Extra note
This one is in the patch. I'm posting it a second time to catch
Garnacho's full attention:
Index: src/tracker-indexer/tracker-module-metadata.c
===================================================================
--- src/tracker-indexer/tracker-module-metadata.c (revision 2683)
+++ src/tracker-indexer/tracker-module-metadata.c (working copy)
@@ -188,13 +188,15 @@
list = g_list_prepend (list, value);
data = list;
} else {
- /* FIXME: warn if data already exists */
+ data = g_hash_table_lookup (metadata->table, field);
+ g_free (data);
## If you don't do this then inserting the same field twice will
## leak the first
data = value;
}
- g_hash_table_insert (metadata->table,
- g_object_ref (field),
- data);
+ g_hash_table_replace (metadata->table,
+ g_object_ref (field),
+ data);
+
## If you don't use _replace here then the GHashTable wont exec the
## GDestroyNotify. This means that you always leak the reference
## per each time that you add a string to a list-element.
return TRUE;
}
On Tue, 2008-12-09 at 18:17 +0100, Philip Van Hoof wrote:
> Hi there,
>
> This is a new version of the patch.
>
> Garnacho: You want to review the part where I'm changing your precious
> src/tracker-indexer/tracker-module-metadata.c at line 1016 in this diff.
>
> Ivan: Continue committing in the "turtle" branch.
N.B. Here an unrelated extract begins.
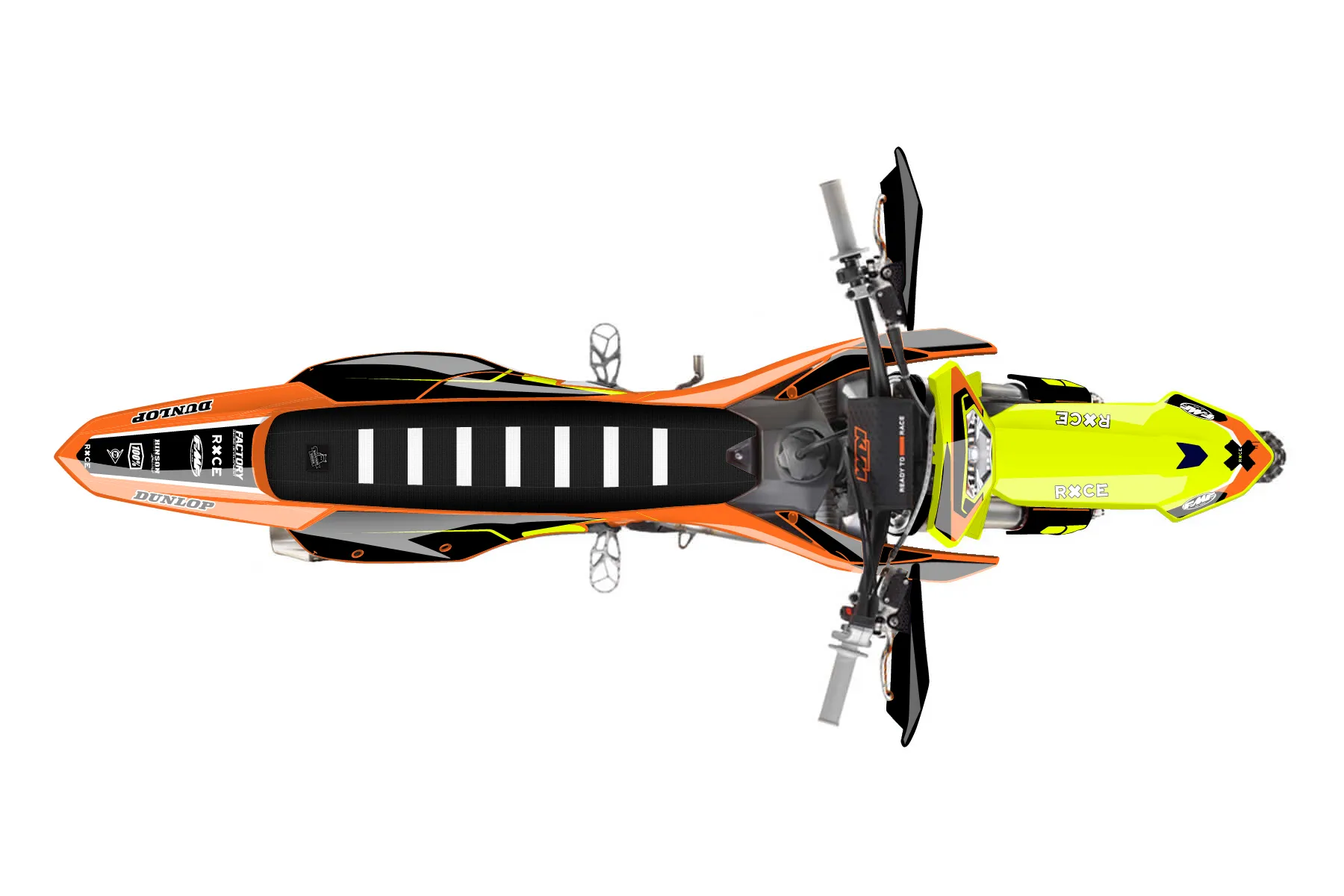 «Fluorescent» — готовый комплект графики серии Flow для KTM Enduro Graphic Kit KTM EXC-F 500 2024. В комплекте: графика на бак и боковые облицовки, крылья (переднее и заднее), передний щиток, номерные таблички, защита вилки. Материал: ПВХ-винил 80 мкр с холодной ламинацией 300 мкр, общая толщина 380 мкр; покрытие глянцевое или матовое на выбор. Устойчив к UV-излучению, воде, бензину и мойке высокого давления. Клей акриловый на сольвентной основе — постоянный, для гибких пластиков. На простых поверхностях монтируется без нагрева; для сложных изгибов рекомендуем фен. Этот пресет можно заказать как есть или взять за основу в конструкторе: поменять цвета, добавить стартовый номер и свой бренд. Производство — 3–5 рабочих дней, доставка по России СДЭКом или Почтой, по СНГ — курьерскими службами.

I'll cope by merging
> your changes into the next patch and using some SVN command-line tricks.
>
> Martyn: Re-review ;-). I commented inline (see lower)
>
> All you guys: Have fun
>
>
> > 1. Please remember in the next patch to svn add the files which are
> > new so people can compile with the applied patch.
>
> Done this time
>
> > 2. Use AM_CONDITIONAL in configure.ac:
> >
> > +if test x$have_raptor == "xyes"; then
> > + AC_DEFINE(HAVE_RAPTOR, 1, [Raptor RDF parsers])
> > +fi
> >
> > Everywhere else does:
> >
> > AM_CONDITIONAL(HAVE_RAPTOR, test "$have_raptor" = "yes")
>
> AM_CONDITIONAL is not the same as getting the define in config.h.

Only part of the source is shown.